▶ _ASSIGNMENT_: Please set down the data again exactly, minus the pictures.

▶ _SOURCE MATERIAL_:
- - - - - - -
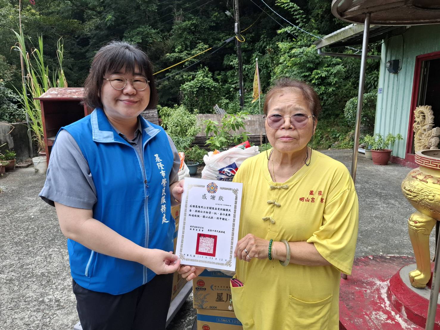 基隆明山宮秋節前捐贈愛心物資關懷基隆地區榮民眷
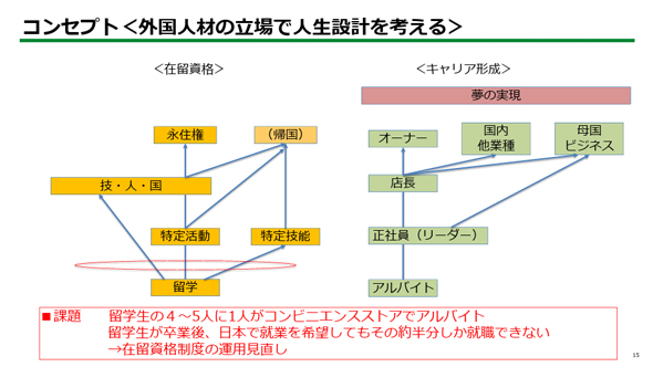 「コンビニ=外国人定着の拠点」としていきたい業界の思惑は、このイメージ図がある2ページ前、赤字で書かれた「課題」からも分かる。
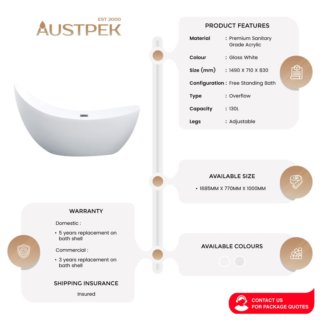 POSEIDON POSH FREE STANDING BATHTUB GLOSS WHITE WITH OVERFLOW (AVAILABLE IN 1500MM AND 1680MM)
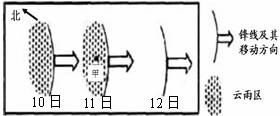 锋线指锋面与地面的交线,下图为“2月10-12日某地区锋线移动情况”,请回答23-25题。
- - - - - - -
▶ _RESPONSE TO THIS TASK_:
 基隆明山宮秋節前捐贈愛心物資關懷基隆地區榮民眷
 「コンビニ=外国人定着の拠点」としていきたい業界の思惑は、このイメージ図がある2ページ前、赤字で書かれた「課題」からも分かる。
 POSEIDON POSH FREE STANDING BATHTUB GLOSS WHITE WITH OVERFLOW (AVAILABLE IN 1500MM AND 1680MM)
 锋线指锋面与地面的交线,下图为“2月10-12日某地区锋线移动情况”,请回答23-25题。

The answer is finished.